WHAT YOU ARE ASKED TO DO:
Pictures in the records below must be left out. Return exactly the lines from the line with "Анальна пробка з" to the line with "ANTHROPOLOGIE Fiets Voor", both included.

RECORDED DATA:
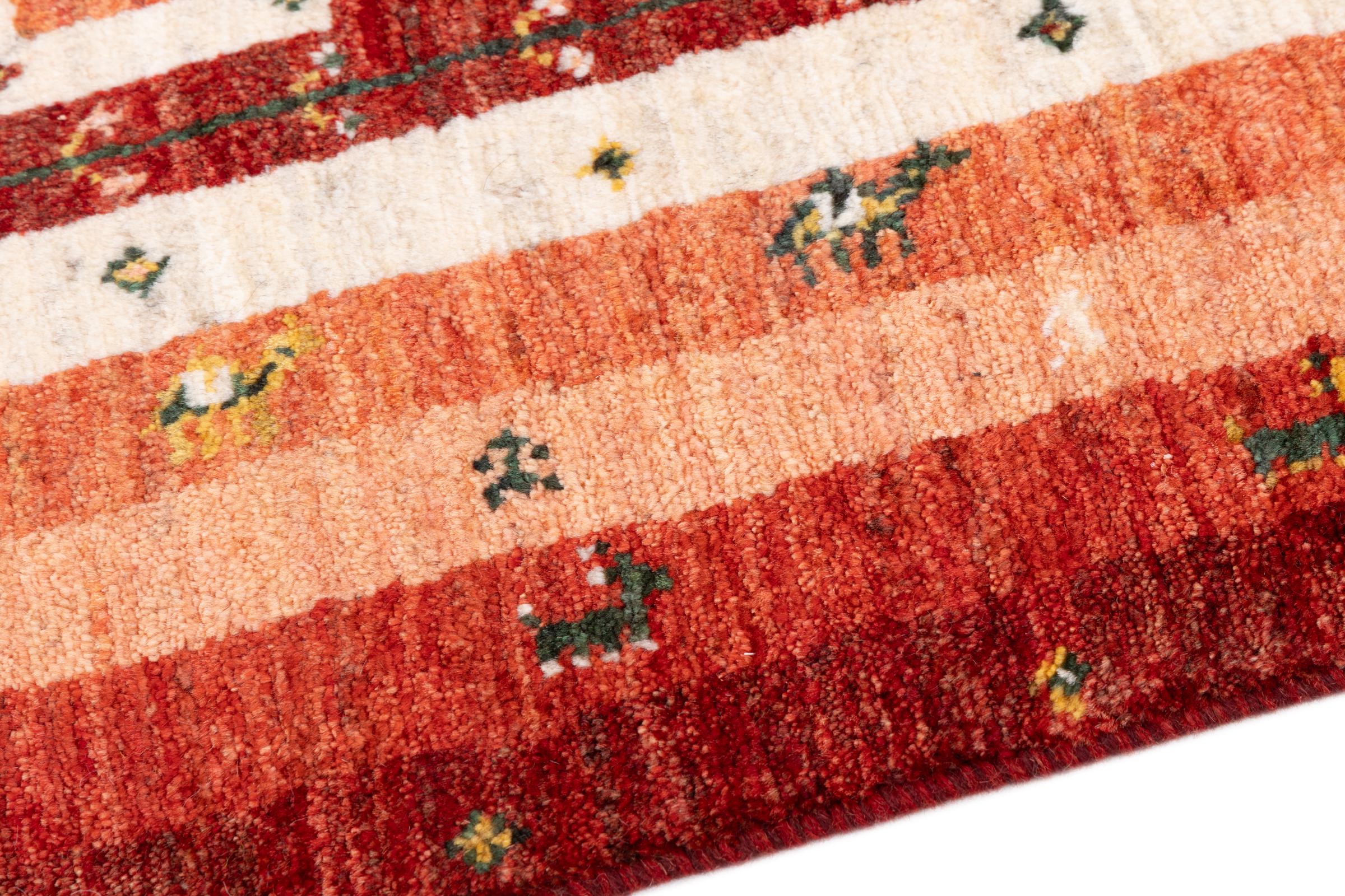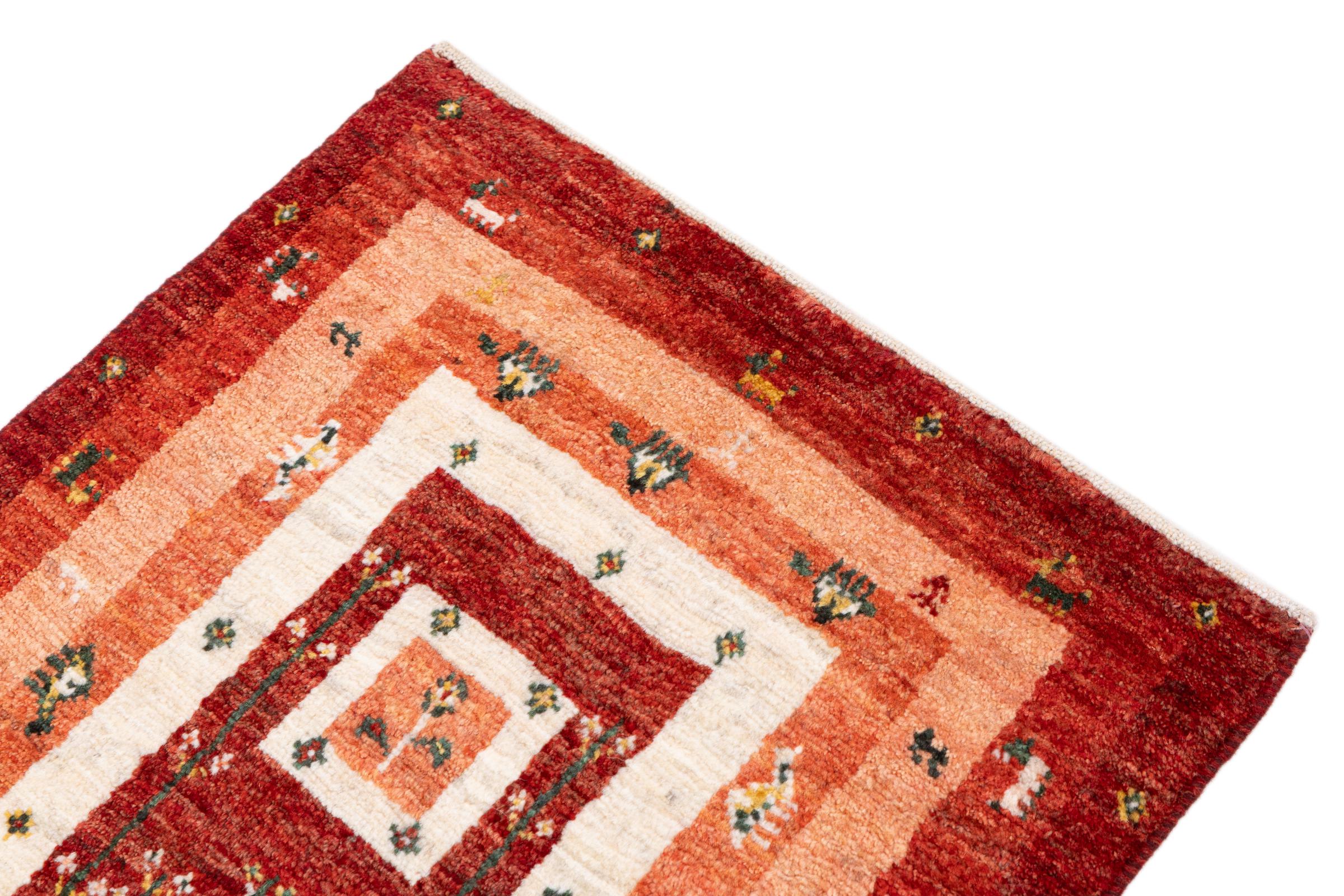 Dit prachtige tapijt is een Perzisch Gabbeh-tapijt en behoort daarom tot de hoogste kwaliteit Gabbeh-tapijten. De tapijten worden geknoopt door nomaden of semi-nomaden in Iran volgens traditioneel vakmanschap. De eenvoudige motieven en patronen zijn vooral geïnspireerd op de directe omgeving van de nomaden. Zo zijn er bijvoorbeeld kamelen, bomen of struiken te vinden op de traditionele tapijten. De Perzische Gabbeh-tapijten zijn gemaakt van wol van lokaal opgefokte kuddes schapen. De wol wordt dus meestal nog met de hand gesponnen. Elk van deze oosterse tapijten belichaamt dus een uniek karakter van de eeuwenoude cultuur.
--
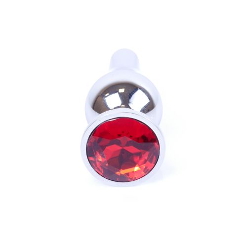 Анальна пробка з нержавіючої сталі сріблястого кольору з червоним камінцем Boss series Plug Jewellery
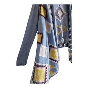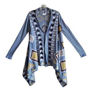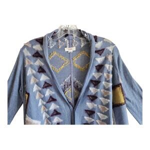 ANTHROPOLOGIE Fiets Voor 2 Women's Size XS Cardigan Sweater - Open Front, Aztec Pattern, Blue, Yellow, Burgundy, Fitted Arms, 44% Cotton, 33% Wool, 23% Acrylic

EXPECTED ANSWER:
 Анальна пробка з нержавіючої сталі сріблястого кольору з червоним камінцем Boss series Plug Jewellery
 ANTHROPOLOGIE Fiets Voor 2 Women's Size XS Cardigan Sweater - Open Front, Aztec Pattern, Blue, Yellow, Burgundy, Fitted Arms, 44% Cotton, 33% Wool, 23% Acrylic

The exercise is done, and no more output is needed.